• _DATA EXCERPT_
== Segment start ==
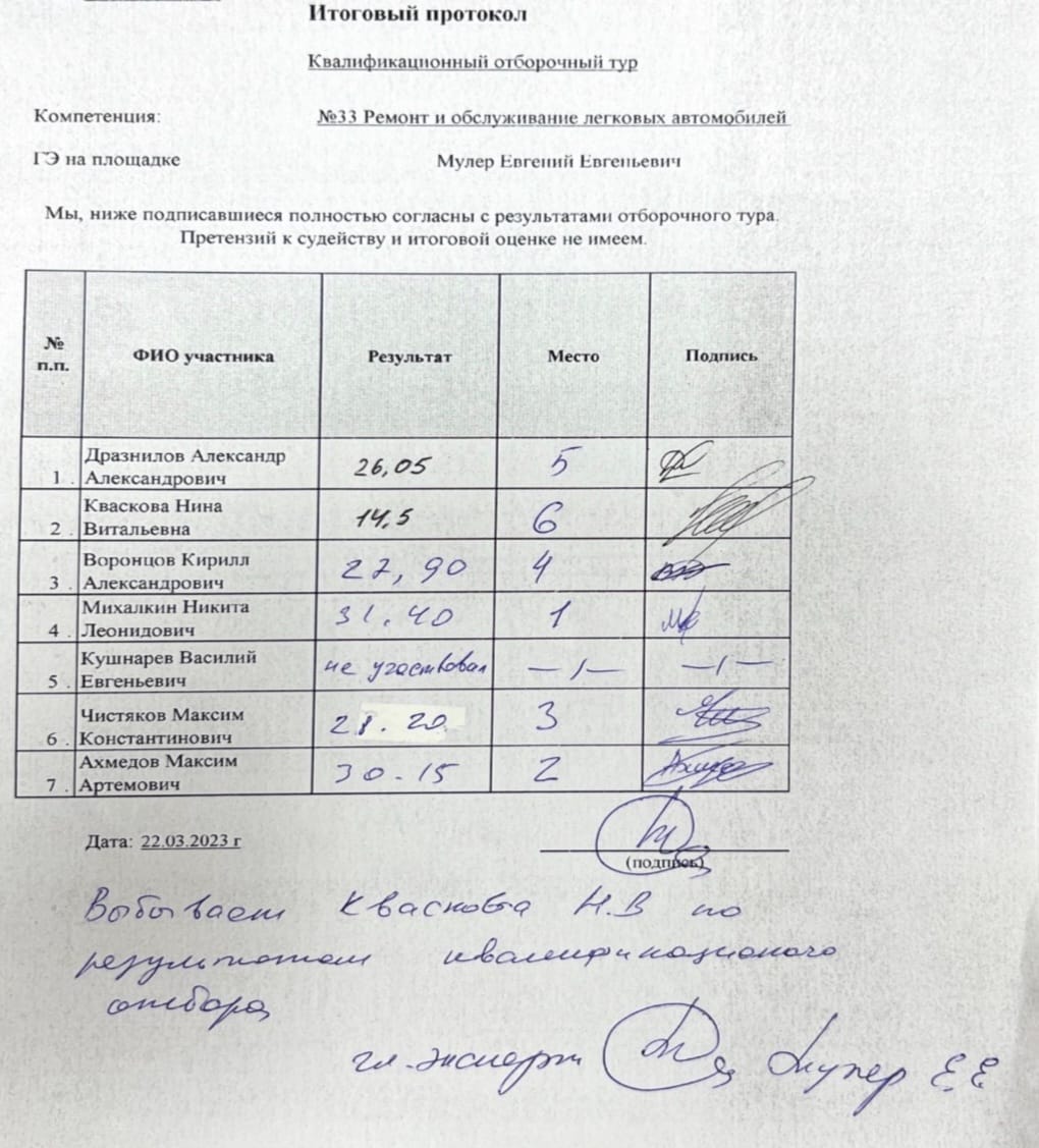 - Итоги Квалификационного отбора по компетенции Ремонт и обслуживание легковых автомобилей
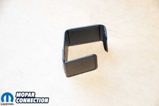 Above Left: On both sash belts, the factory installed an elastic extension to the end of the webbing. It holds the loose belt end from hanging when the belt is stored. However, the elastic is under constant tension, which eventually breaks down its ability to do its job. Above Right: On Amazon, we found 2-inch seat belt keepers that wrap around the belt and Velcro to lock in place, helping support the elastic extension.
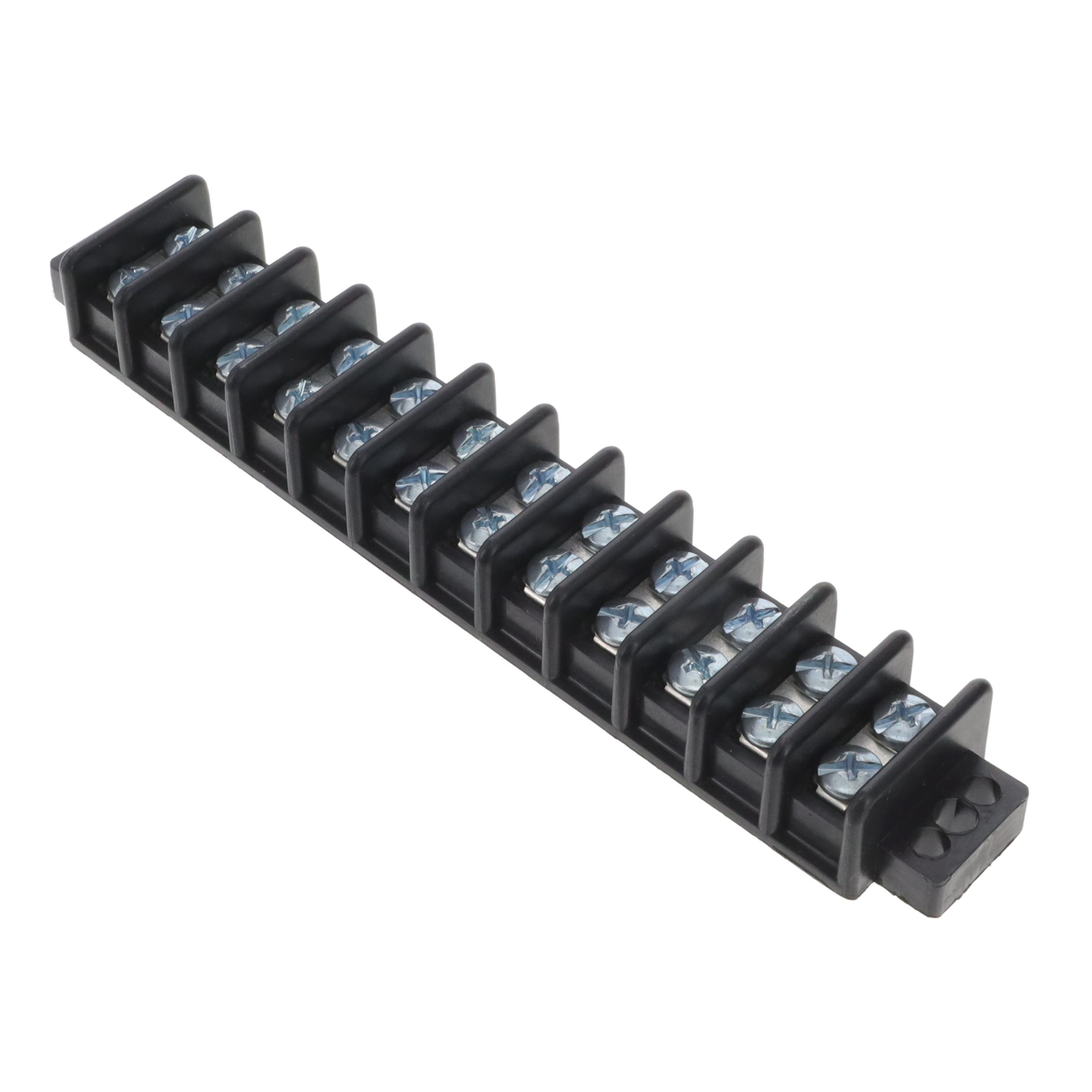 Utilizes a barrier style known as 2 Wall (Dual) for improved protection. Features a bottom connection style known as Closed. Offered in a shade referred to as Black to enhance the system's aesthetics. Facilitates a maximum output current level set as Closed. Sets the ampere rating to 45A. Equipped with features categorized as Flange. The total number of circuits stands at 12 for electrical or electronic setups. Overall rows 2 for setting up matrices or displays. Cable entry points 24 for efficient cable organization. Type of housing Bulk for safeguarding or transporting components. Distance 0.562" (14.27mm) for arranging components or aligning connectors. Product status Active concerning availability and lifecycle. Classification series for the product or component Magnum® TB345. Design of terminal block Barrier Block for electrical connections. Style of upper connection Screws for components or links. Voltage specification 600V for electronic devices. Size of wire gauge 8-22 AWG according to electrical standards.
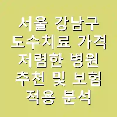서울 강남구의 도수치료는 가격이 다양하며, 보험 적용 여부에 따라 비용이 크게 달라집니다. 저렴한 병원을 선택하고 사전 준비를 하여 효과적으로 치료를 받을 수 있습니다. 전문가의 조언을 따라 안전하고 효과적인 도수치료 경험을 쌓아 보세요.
== Segment end ==
• _EXERCISE PROMPT_
Starting at the top of the listing above, reproduce each line up to and including the one with "Above Left: On both"; omit the pictures.

• _RESPONSE_
 - Итоги Квалификационного отбора по компетенции Ремонт и обслуживание легковых автомобилей
 Above Left: On both sash belts, the factory installed an elastic extension to the end of the webbing. It holds the loose belt end from hanging when the belt is stored. However, the elastic is under constant tension, which eventually breaks down its ability to do its job. Above Right: On Amazon, we found 2-inch seat belt keepers that wrap around the belt and Velcro to lock in place, helping support the elastic extension.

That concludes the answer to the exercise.